An edge calculation module 3, comprising: the device comprises a data transmission port, an axial force actual value calculating unit, an axial force theoretical value calculating unit and a wireless communication unit;

the data transmission port is connected with the axial force measuring module 1 through a data transmission line 7 and is used for receiving the actual axial force value of each set measuring point measured by the induction ring 111 in the axial force measuring module 1;

the axial force actual value calculating unit is used for calculating an axial force actual value of the holding pole by utilizing the holding pole axial force actual value calculation formula based on the axial force actual value of each set measuring point and transmitting the axial force actual value to the wireless communication unit;

the axial force theoretical value calculating unit is used for calculating an axial force theoretical value of the holding pole by using a holding pole axial force calculation formula based on the lifting force of the lifting end of the holding pole lifting arm and transmitting the axial force theoretical value to the wireless transmitting unit;

the axial force calculation formula is shown as follows:

in the formula, N is the theoretical value of the axial force of the holding pole, gamma is the included angle of the resultant force of the pulling line of the holding pole to the ground, beta is the included angle between the axis of the hoisting tackle pulley set and the vertical line, omega is the included angle of the control line to the ground, delta is the included angle between the axis of the holding pole and the vertical line, G is the gravity of the hung component, T is the weight of the hung component ₀ Is the static tension of the hauling cable;

static tension T of hauling rope ₀ Calculated as follows:

in the formula, T is the resultant force of the lifting rope, n is the working rope number of the steel wire rope of the hoisting tackle group, and eta is the tackle efficiency.

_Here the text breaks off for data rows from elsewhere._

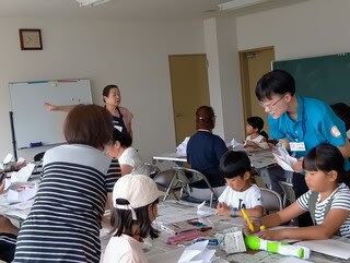 絵本のあとには「科学の万華鏡」の方が<飛び出す絵本>のご指導をしてくださいました。
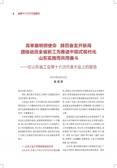 高举旗帜担使命 踔厉奋发开新局 团结动员全省职工为推进中国式现代化山东实践而共同奋斗
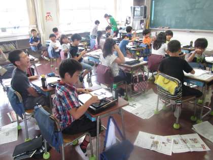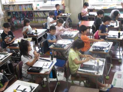 みんなすっかり筆の扱いに慣れたようで、筆のもち方もしっかりしてきました。

The actual axial force value of the holding pole is calculated according to the following formula:

in the formula, L is an actual axial force value of the holding pole, h is an actual axial force value of the measuring points, and m is the number of the measuring points.

The wireless transmitting unit is used for transmitting the theoretical value of the axial force of the holding pole and the actual value of the axial force of the holding pole to the data receiving terminal 5.

The data receiving terminal 5 includes: the system comprises a wireless receiving unit, a data processor and an alarm;

the wireless receiving unit is used for receiving the actual value of the axial force of the holding pole and the theoretical value of the axial force of the holding pole and transmitting the received actual value of the axial force of the holding pole and the theoretical value of the axial force of the holding pole to the data processor;

the data processor is used for calculating a difference value between an actual value and a theoretical value of the axial force, comparing the actual value with the theoretical value by using a set early warning threshold value, if the difference value is greater than the set early warning threshold value, sending an alarm signal to the alarm, and if the difference value is not greater than the set early warning threshold value, confirming that the holding pole is in a safe state and continuing monitoring;

and the alarm is used for carrying out early warning on the axial force of the holding pole according to the alarm signal of the data processor.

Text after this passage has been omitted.